Canadian Classics
- Product type: Cigarette
- Owner: Philip Morris International
- Produced by: Rothmans, Benson & Hedges
- Country: Canada
- Introduced: 1995; 31 years ago
- Markets: Canada, Armenia

= Canadian Classics =

Canadian cigarette brand

Canadian Classics is a Canadian brand of cigarettes, currently owned by Philip Morris International, and manufactured by its subsidiary Rothmans, Benson & Hedges

==History==
Canadian Classics were launched in 1995 as a sports-oriented, wilderness-party style cigarette, and the cigarettes were originally made in filtered and light varieties, in regular (75 mm) and king size (85 mm).

In the 2000s, an extra light variant was introduced, now known as White. Today, Canadian Classics are sold as a value brand.

Within the first three years of introduction, Canadian Classics managed to gain a near 0.2% market share in Canada.
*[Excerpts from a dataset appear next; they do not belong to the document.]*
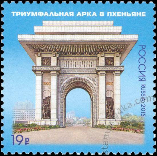 Россия 2015 АРХИТЕКТУРА ТРИУМФАЛЬНАЯ АРКА ПХЕНЬЯН ВЫПУСК РОССИЯ-КНДР СК 1991 MNH OG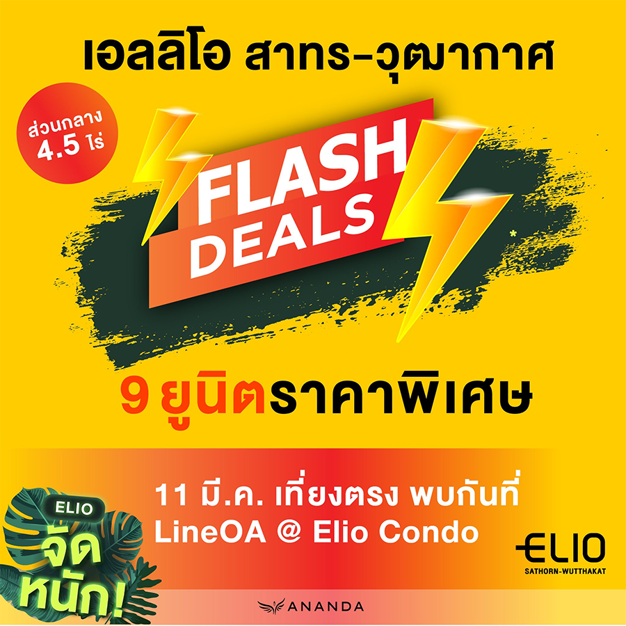 คอนโด เอลลิโอ สาทร - วุฒากาศ จัดโปรฯ "FLASH DEALS" วันเดียวเท่านั้น 11 มี.ค. นี้ พบ 9 ยูนิตราคาสุดพิเศษ ที่ไม่เคยเห็นที่ไหนมาก่อน เฟอร์ฯครบ* พร้อมอยู่ พลาดแล้วพลาดเลย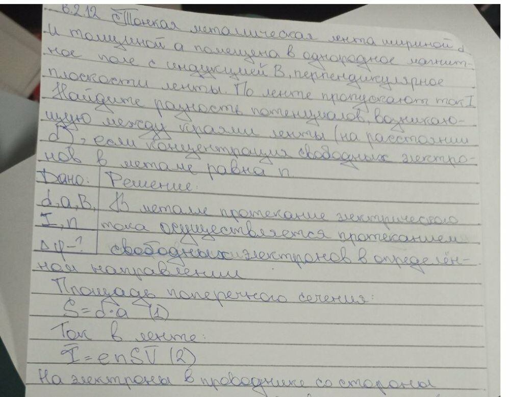 6.2.12. Тонкая металлическая лента шириной d и толщиной a помещена в однородное магнитное поле с индукцией B , перпендикулярное плоскости ленты. По ленте пропускают ток I . Найдите разность потенциалов, возникающую между краями ленты (на расстоянии d ), если концентрация свободных электронов в металле равна n .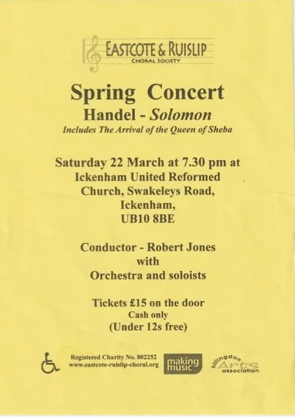 Tickets are available at the door or from a member of the Eastcote and Ruislip Choral Society (£15 - cash only. Under 12s free)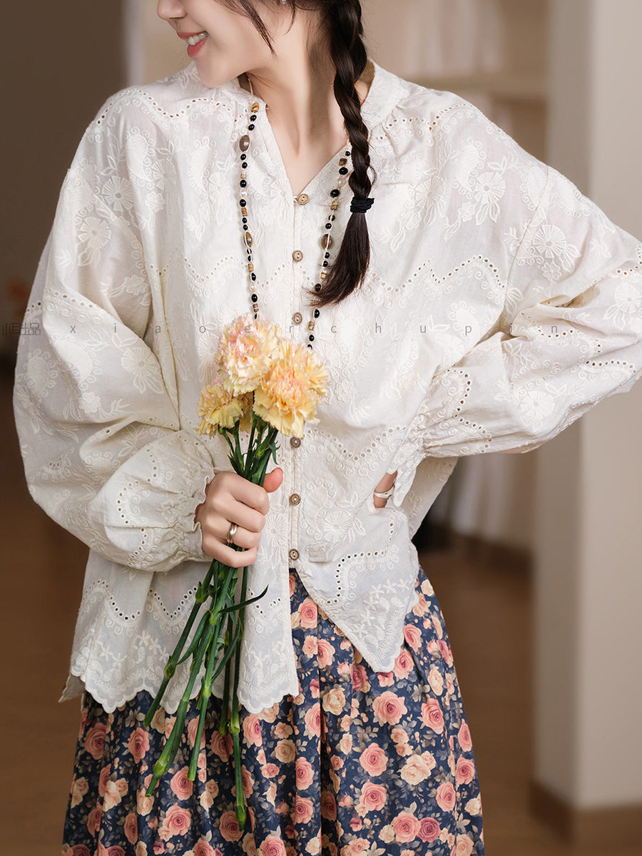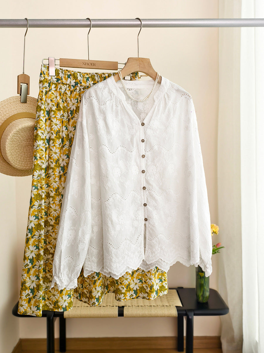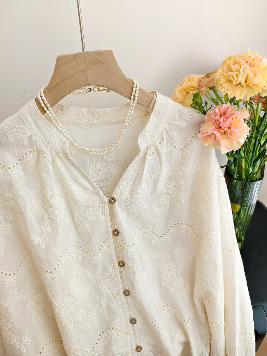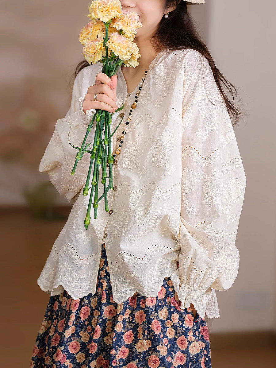Camisa feminina de primavera com bordado artístico, 100% algodão.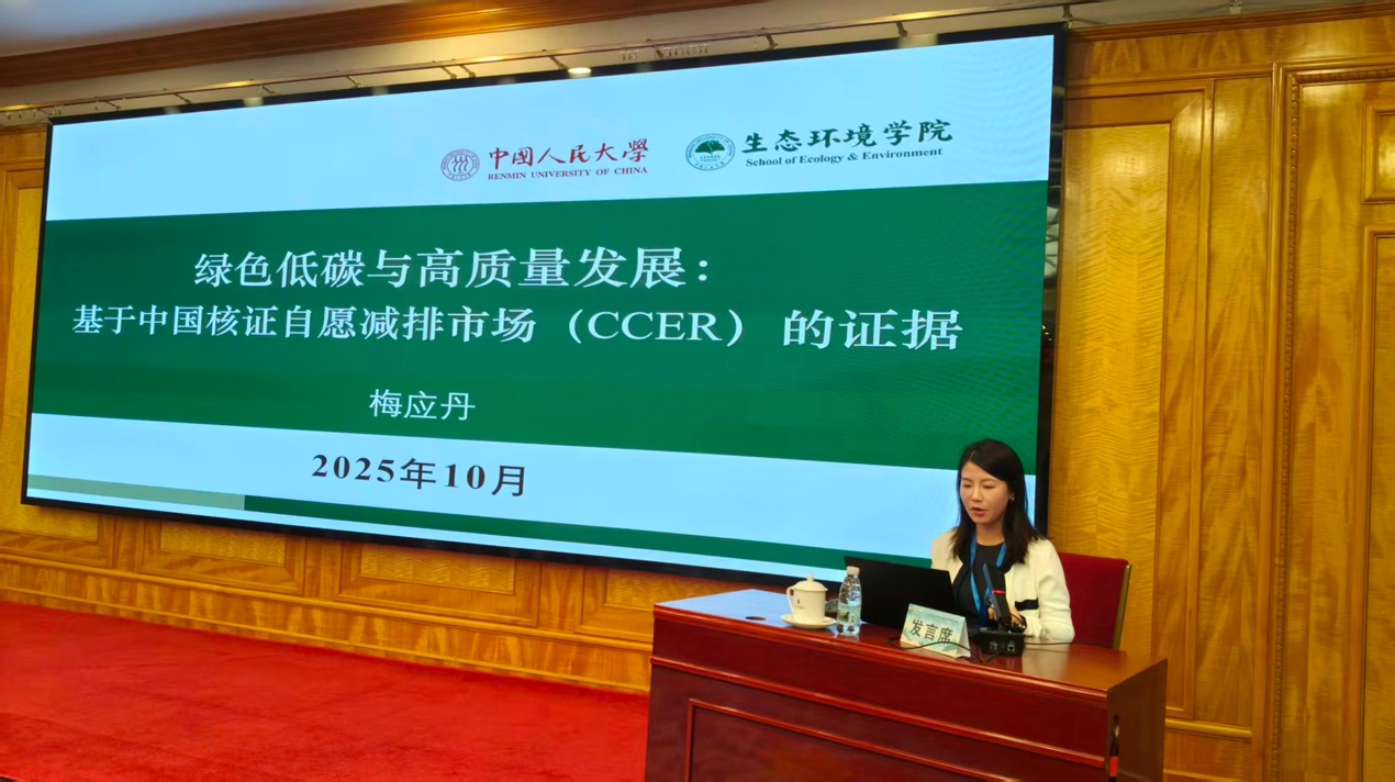 本次会议期间,我院梅应丹副教授受邀参加“资源环境要素市场建设与政策创新”议题的分会场,并作了题为“绿色低碳与高质量发展:基于中国核证自愿减排市场(CCER)的证据”的学术报告,从高质量发展的内涵出发阐释了CCER是一种将“绿色低碳”与“高质量发展”内在统一的关键机制,并从“CCER与创新”的视角考察上市公司开展CCER项目对企业全要素生产率的影响并进行机制分析和异质性分析,从“CCER与绿色”的视角探索CCER的减污降碳协同效应,从“CCER与共享”的视角探索CCER的环境公正效应。她指出,考虑行业与地区溢出效应,需要进一步完善中国核证自愿减排机制,加强对企业尤其是控排企业技术创新的政策引导和支持,并丰富自愿减排交易市场内容,积极开发CCER方法学。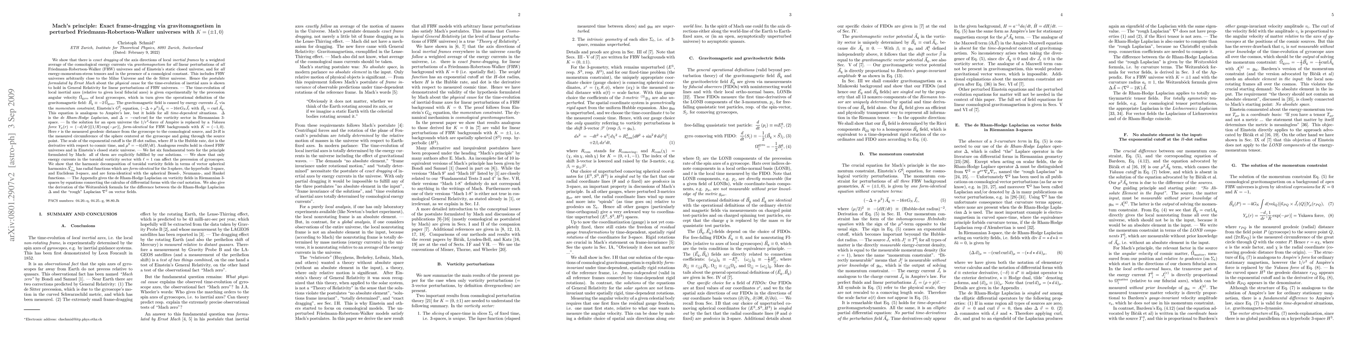 We show that the dragging of the axis directions of local inertial frames by a weighted average of the energy currents in the universe is exact for all linear perturbations of any Friedmann-Robertson-Walker (FRW) universe with K = (+1, -1, 0) and of Einstein's static closed universe. This includes FRW universes which are arbitrarily close to the Milne Universe, which is empty, and to the de Sitter universe. Hence the postulate formulated by E. Mach about the physical cause for the time-evolution of the axis directions of inertial frames is shown to hold in cosmological General Relativity for linear perturbations. The time-evolution of axis directions of local inertial frames (relative to given local fiducial axes) is given experimentally by the precession angular velocity of gyroscopes, which in turn is given by the operational definition of the gravitomagnetic field. The gravitomagnetic field is caused by cosmological energy currents via the momentum constraint. This equation for cosmological gravitomagnetism is analogous to Ampere's law, but it holds also for time-dependent situtations. In the solution for an open universe the 1/r^2-force of Ampere is replaced by a Yukawa force which is of identical form for FRW backgrounds with $K = (-1, 0).$ The scale of the exponential cutoff is the H-dot radius, where H is the Hubble rate, and dot is the derivative with respect to cosmic time. Analogous results hold for energy currents in a closed FRW universe, K = +1, and in Einstein's closed static universe.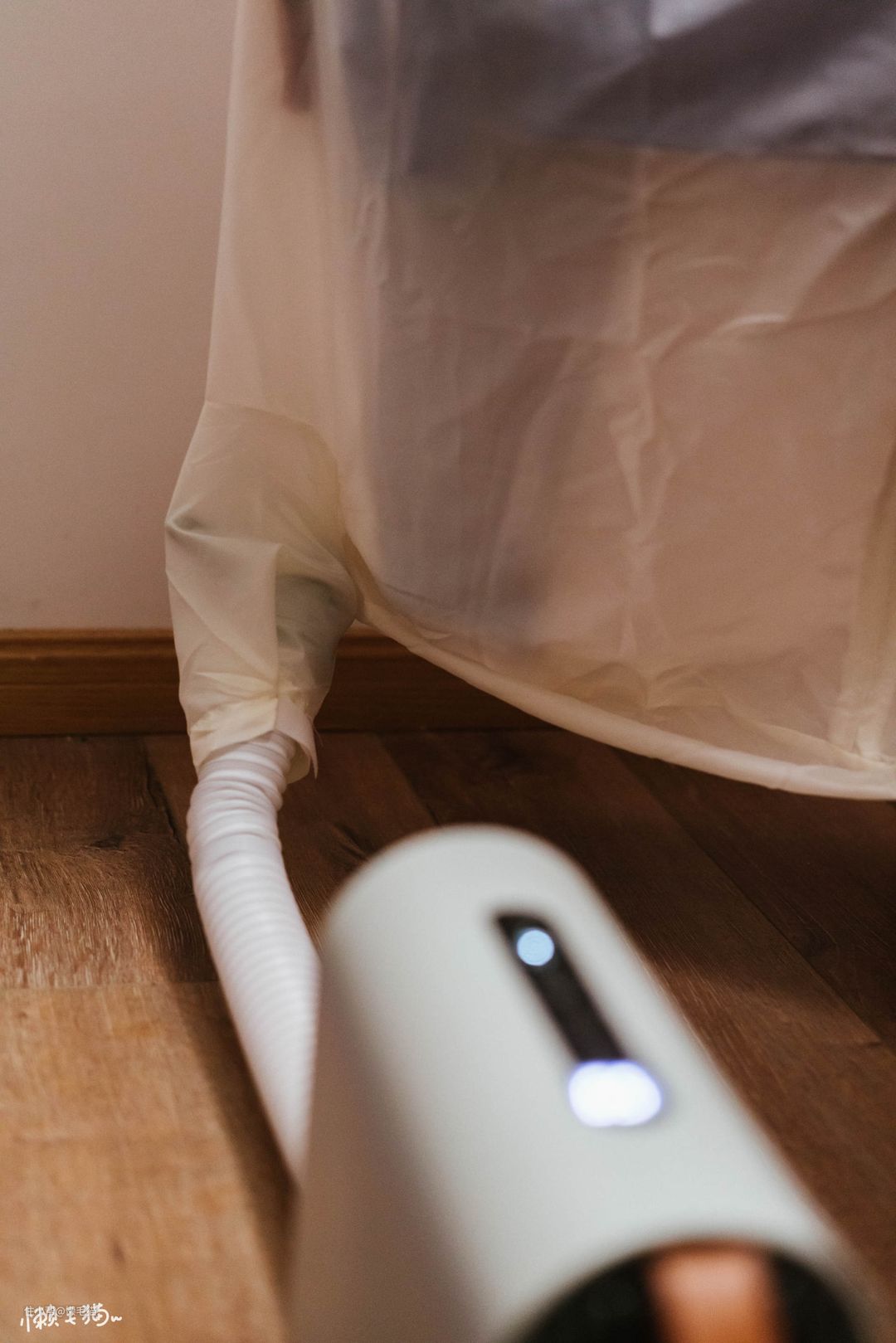伸缩软管可以收纳在机身里,但是拉开后长度可达半米,并且可以根据需求弯折并固定,搭配干衣袋,可以快速烘干,告别湿冷衣物。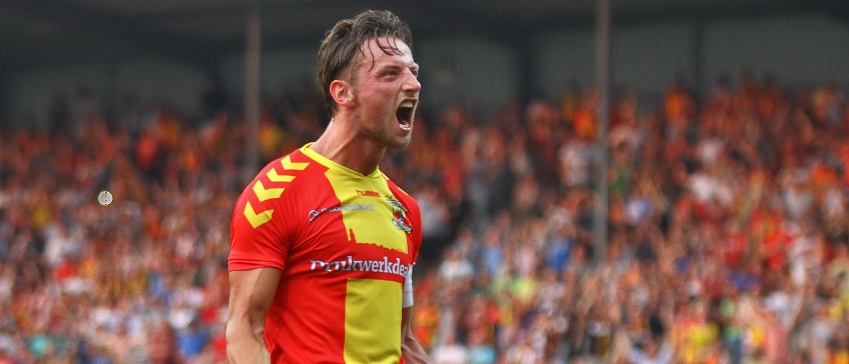 Bart Vriends juicht nadat hij de gelijkmaker tegen Ferencváros heeft binnengeknikt in 2015.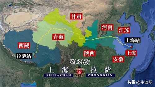 Z164次列车是由上海开往西藏首府拉萨直达特快列车,途经上海、江苏、安徽、河南、陕西、甘肃、青海、西藏8省市区。沿京沪铁路、陇海铁路、兰青铁路和青藏铁路运行。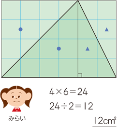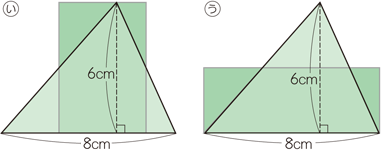 三角形においても長方形に等積変形することができます。下の図(い)は三角形の底辺の2分の1が長方形の横の長さに,下の図(う)は高さの2分の1が長方形の縦の長さになっています。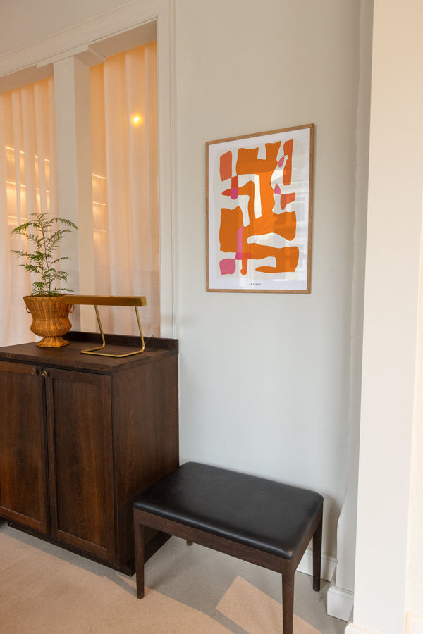 Karla Hymans kunstplakat "Sunset Stroke" er en del af en farverig kollektion udviklet specielt til Peléton, og som hylder legende kompositioner og stærke farvevalg. Hendes værker er præget af en enkel og abstrakt stil, hvor form og farver spiller tæt sammen.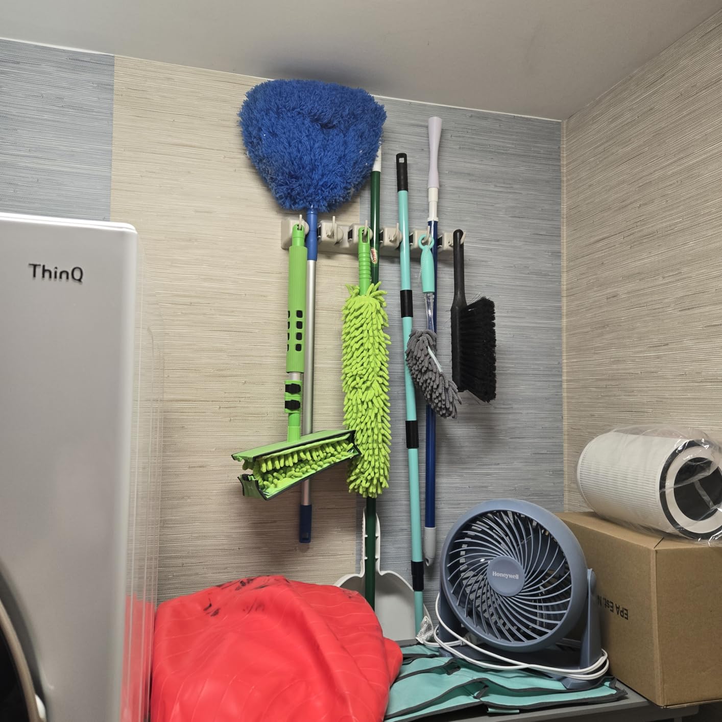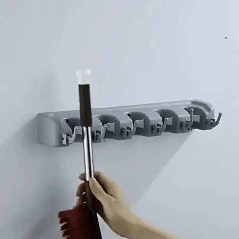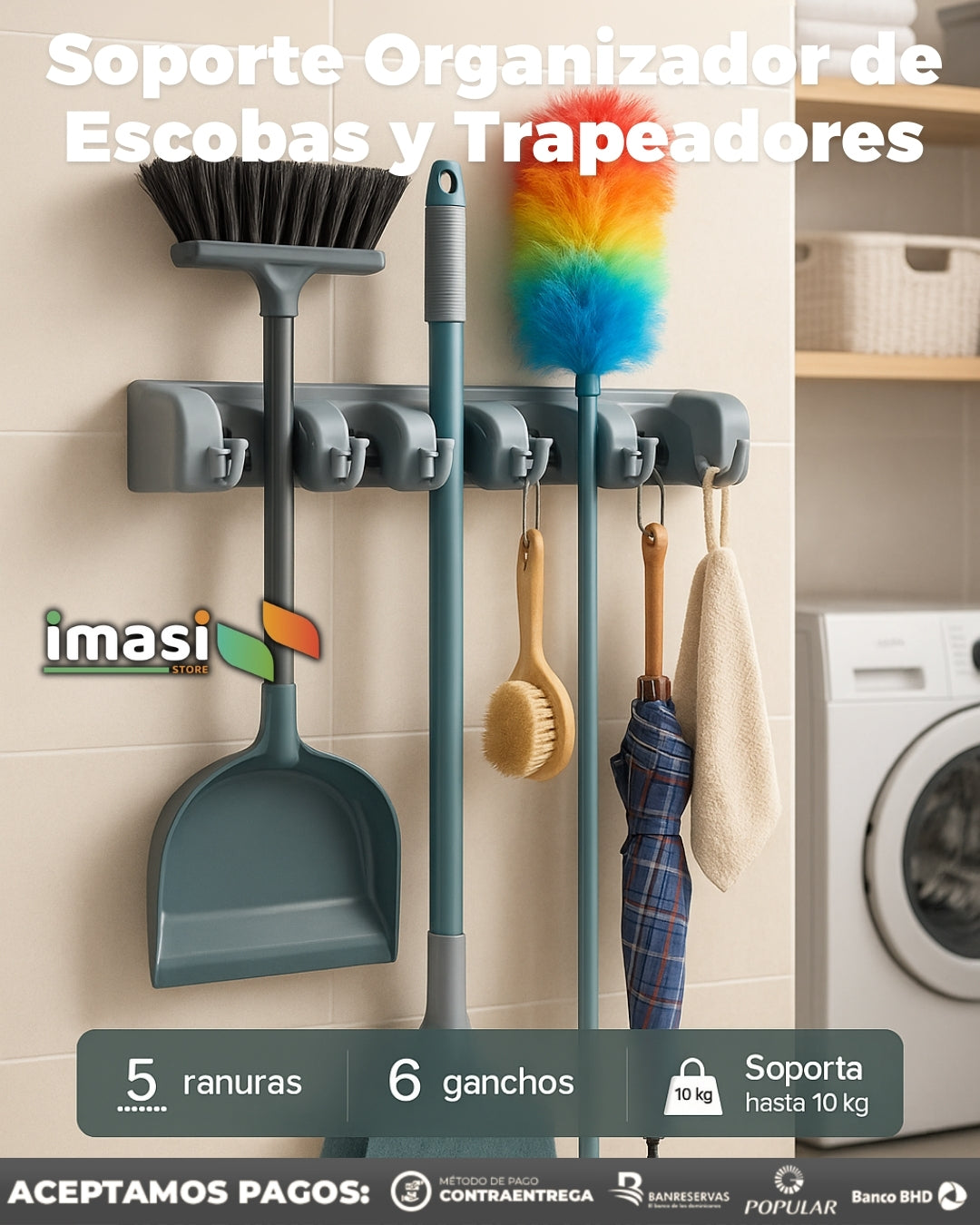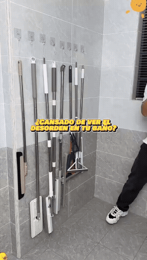 ¿Escobas y suapes por el piso? Ordena en minutos con el Soporte 5×6 (10 kg): 5 ranuras autoajustables + 6 ganchos para todo tu equipo de limpieza. Ideal para cocina, lavadero y baño.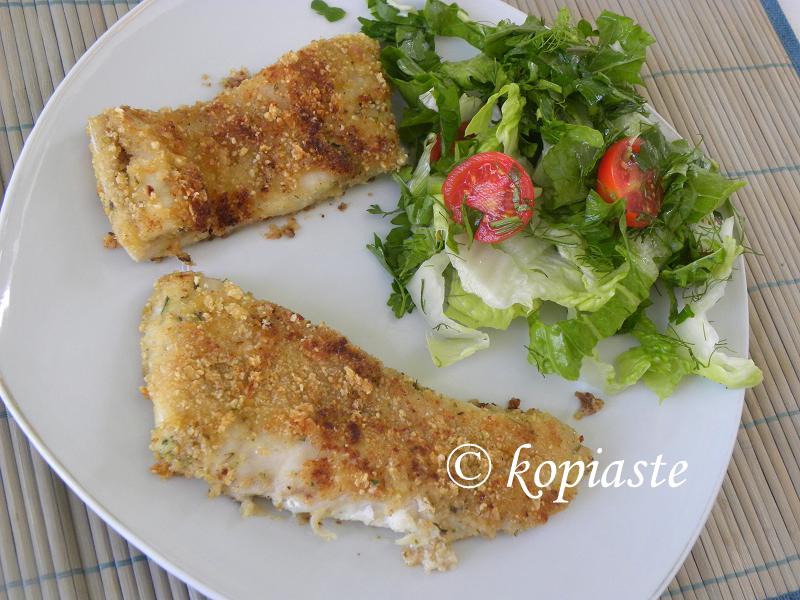 Pecan crusted Lavraki (sea bass) with pesto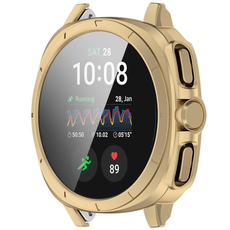 For Sansung Galaxy Watch 7 44mm PC + Tempered Film Integrated Watch Protective Case(Champagne Gold)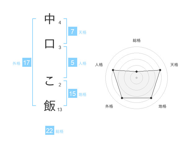 中口 こ飯さんの総格は22画の1点!
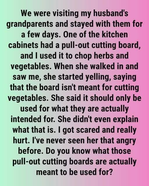 Most people walk into their kitchen, reach for the cutting board, and think of it as nothing more than a practical surface — a simple slab of wood meant for chopping vegetables, dicing onions, or slicing fruit. It’s a tool so ordinary, so ever-present, that we rarely pause to consider where it came from. Yet tucked inside countless older kitchen cabinets is a pull-out wooden board, one that many homeowners assume was designed purely for cutting. But its story stretches much further back in time, and its original purpose had very little to do with knives.

Various promotional material was created for this brand, including matches in 1995 and 1999, promotional posters for the brand in 1996, promotional posters for wild-water rafting races sponsored by Canadian Classics in 1997 and promotional posters for bars to promote the cigarettes through Billiard in 1999.

==Packaging==
The top of the pack features either a text or picture warning in English or French, while the rest of the pack is left to the original manufacturer of the brand. It features the words "Canadian Classics", a moose, the name of the manufacturer, the quantity of cigarettes in the pack (20 or 25 per pack) in both English and French, and various landscapes in the background. The old designs also featured the words "Additive free", but those have been removed after claims by the Physicians for a Smoke-Free Canada organisation. The lights (now known as Silver) were unique in that they originally featured various rotating scenes of nature as their pack designs.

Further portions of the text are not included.